Given data:

'''

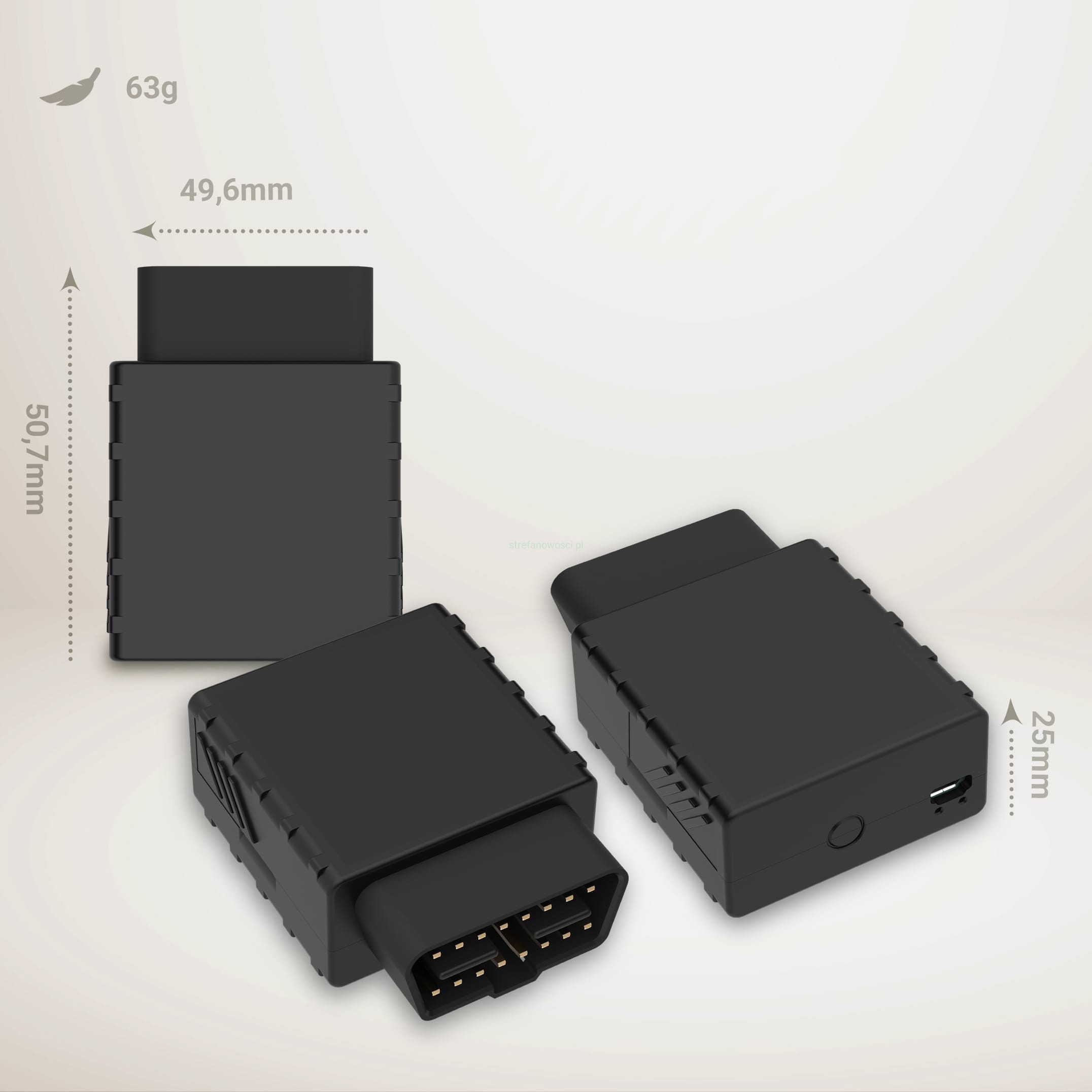 - Wymiary 50,7 mm x 49,6 mm x 25 mm
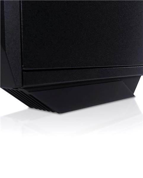 Skříň Grone pro herní počítače disponuje nejen velkým vnitřním prostorem pro rozšíření, do kterého lze nahlédnout přes boční průhledný rám, ale také celkovým nebojácným originálním vzhledem. Součástí skříně jsou také čtyři předinstalované větráky, přičemž za zmínku stojí zejména 2 přední, které jsou vybaveny LED osvětlením.
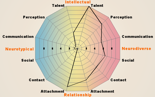 Looking at the Attachment category questions in the PDF, all of the Neurotypical Attachment traits are related to sex. The Neurodiverse Attachment traits, on the other hand, are questionable in their relevance to attachment versus things like language pragmatics and learning social skills through rules. Surely neurotypical people are interested in aspects of attachment other than sex. More importantly, it’s disappointing to see a test of neurodiversity ascribing typical autistic social traits to “attachment disorder.”
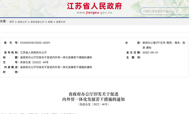 江苏出台促进内外贸一体化发展“11条”,推进一般消费品等“同线同标同质”
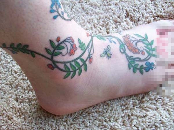 清新小桃花脚踝纹身_脚部纹身图案大全_纹身图吧
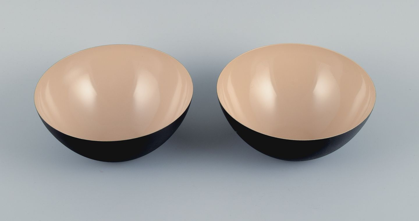 Two "krenits" bowls in metal. Beige. Design by Hermann Krenchel. The 2000s. In perfect condition. Signed "Normann Copenhagen" Dimensions: D 16.0 x H 7.0 cm.
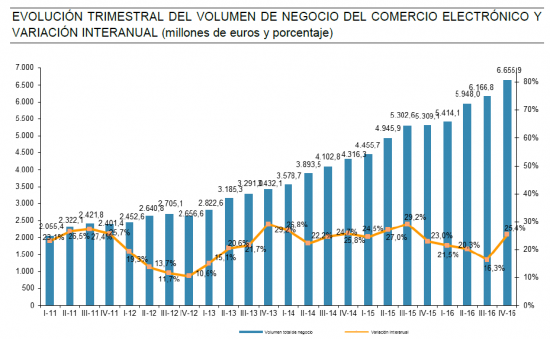 La facturación del comercio electrónico en España ha aumentado en el cuarto trimestre de 2016 un 25,4% interanual hasta alcanzar los 6.656 millones de euros, según los últimos datos de comercio electrónico disponibles en el portal CNMCData. Así, la facturación total del año 2016 ha alcanzado los 24.185 millones de euros, un 20,8% más que el 2015.
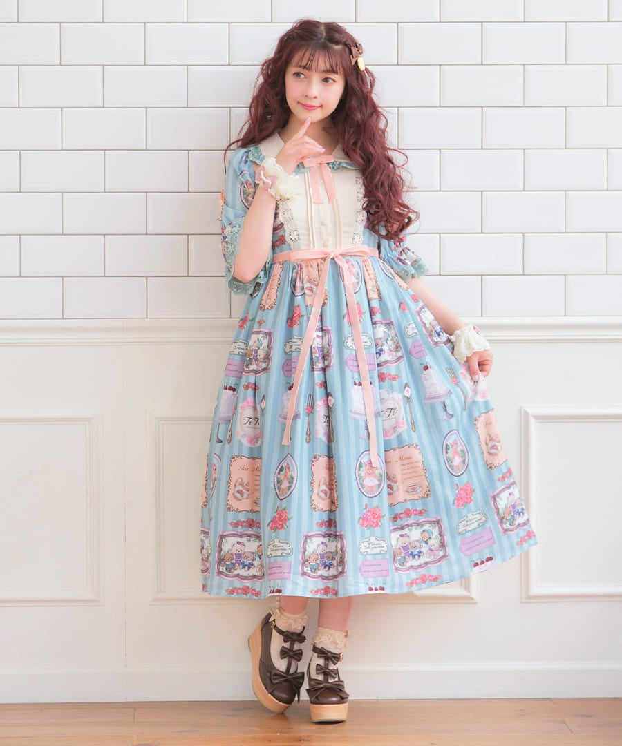 クマのぬいぐるみ一家や美味しそうなスウィーツ、お花などを描いたちょっぴりカントリーな雰囲気のオリジナルプリント柄のワンピースです。胸元は無地のヨーク切り替えになっており、ネックレスが主役になれるデザインです。ぜひお揃いでご着用ください!
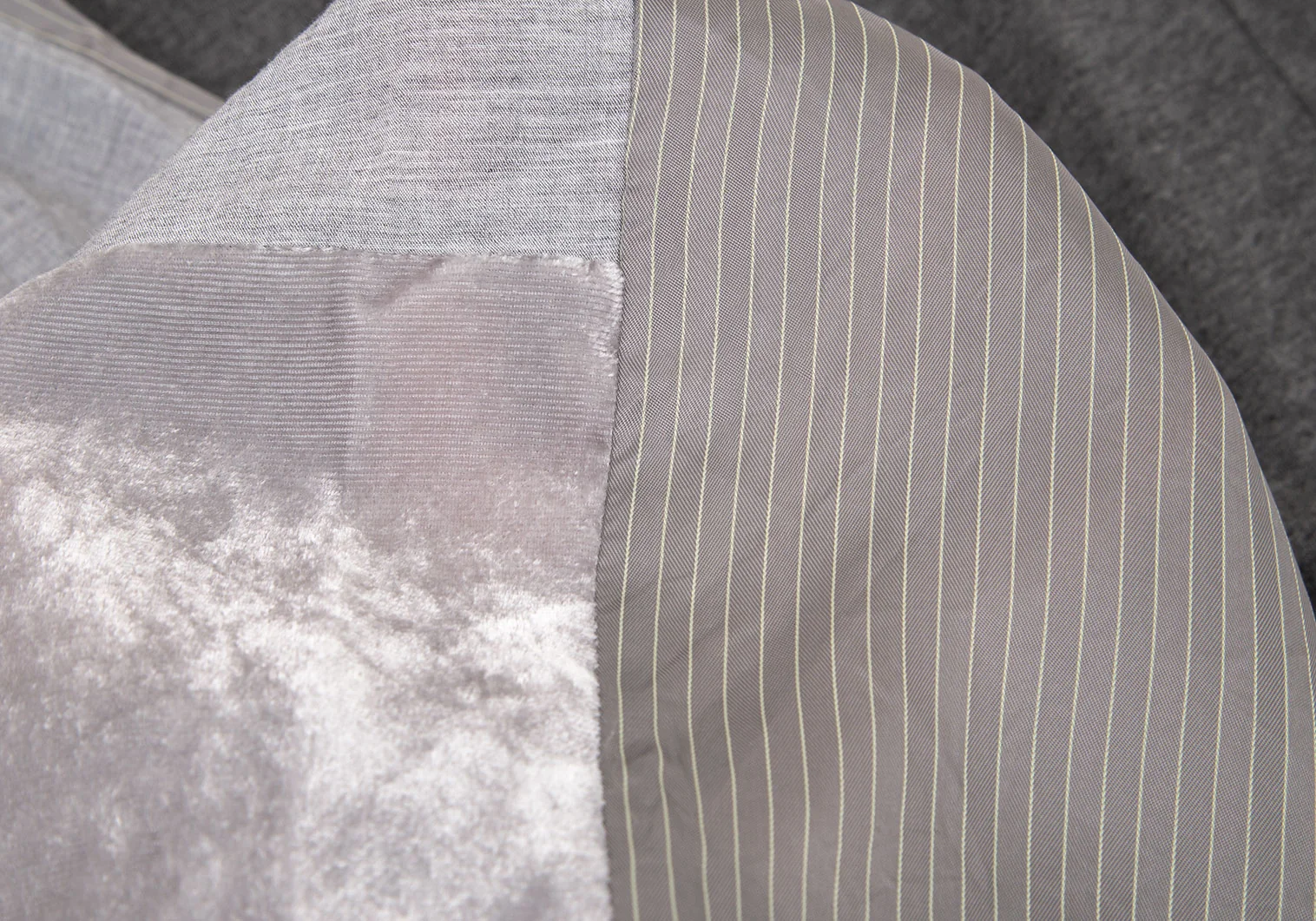 天竺部分 綿50% レーヨン50% ベルベット部分基布 ポリエステル100% ベルベット部分パイル レーヨン100% ストライプ部分 キュプラ100% 無地部分 指定外繊維(テンセル)56% 綿44% リブ レーヨン98% ポリウレタン2%
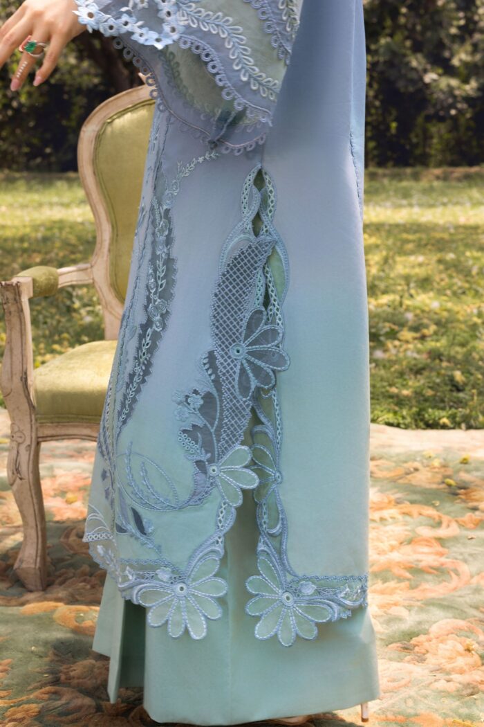 All Things Ombre in the shade Ocean is a bold and artfully crafted 3 piece unstitched suit from the Crimson 2025 collection. The shirt features an embroidered front center panel with laser appliqués on organza paired with embroidered side panels for a structured finish. Both front and back hems are finished with embroidered borders on organza while the back includes an embroidered motif for added dimension.
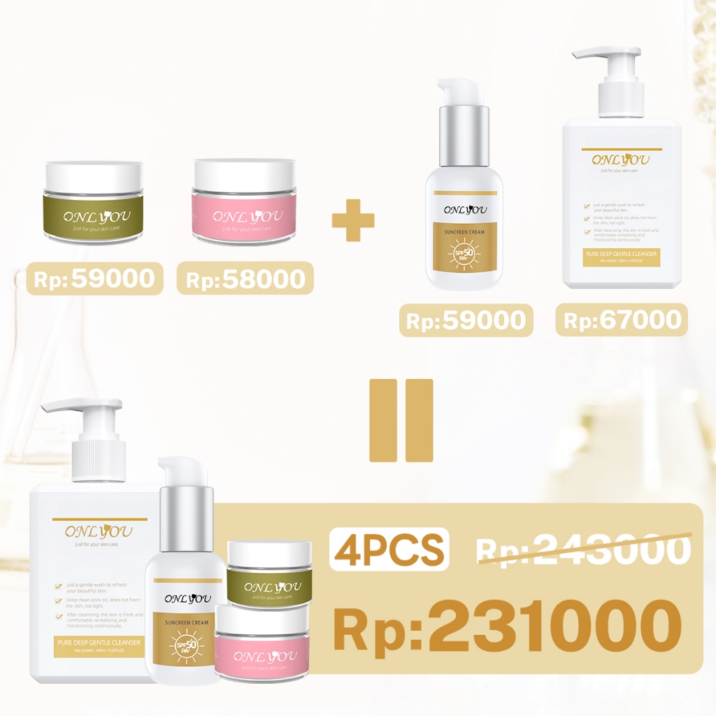 Onlyou Makeup 4Pcs Pakte Instant Brightening Tone Up Cream 50G & Sunscreen Cream Spf50+ Pa+ Wajah Uv Sunblock 50G & Whit

'''

Each line from the start of the entries to the line holding "x H 7.0 cm." is to be given again exactly, both ends included, and each picture is to be left out.

Task answer:
 - Wymiary 50,7 mm x 49,6 mm x 25 mm
 Skříň Grone pro herní počítače disponuje nejen velkým vnitřním prostorem pro rozšíření, do kterého lze nahlédnout přes boční průhledný rám, ale také celkovým nebojácným originálním vzhledem. Součástí skříně jsou také čtyři předinstalované větráky, přičemž za zmínku stojí zejména 2 přední, které jsou vybaveny LED osvětlením.
 Looking at the Attachment category questions in the PDF, all of the Neurotypical Attachment traits are related to sex. The Neurodiverse Attachment traits, on the other hand, are questionable in their relevance to attachment versus things like language pragmatics and learning social skills through rules. Surely neurotypical people are interested in aspects of attachment other than sex. More importantly, it’s disappointing to see a test of neurodiversity ascribing typical autistic social traits to “attachment disorder.”
 江苏出台促进内外贸一体化发展“11条”,推进一般消费品等“同线同标同质”
 清新小桃花脚踝纹身_脚部纹身图案大全_纹身图吧
 Two "krenits" bowls in metal. Beige. Design by Hermann Krenchel. The 2000s. In perfect condition. Signed "Normann Copenhagen" Dimensions: D 16.0 x H 7.0 cm.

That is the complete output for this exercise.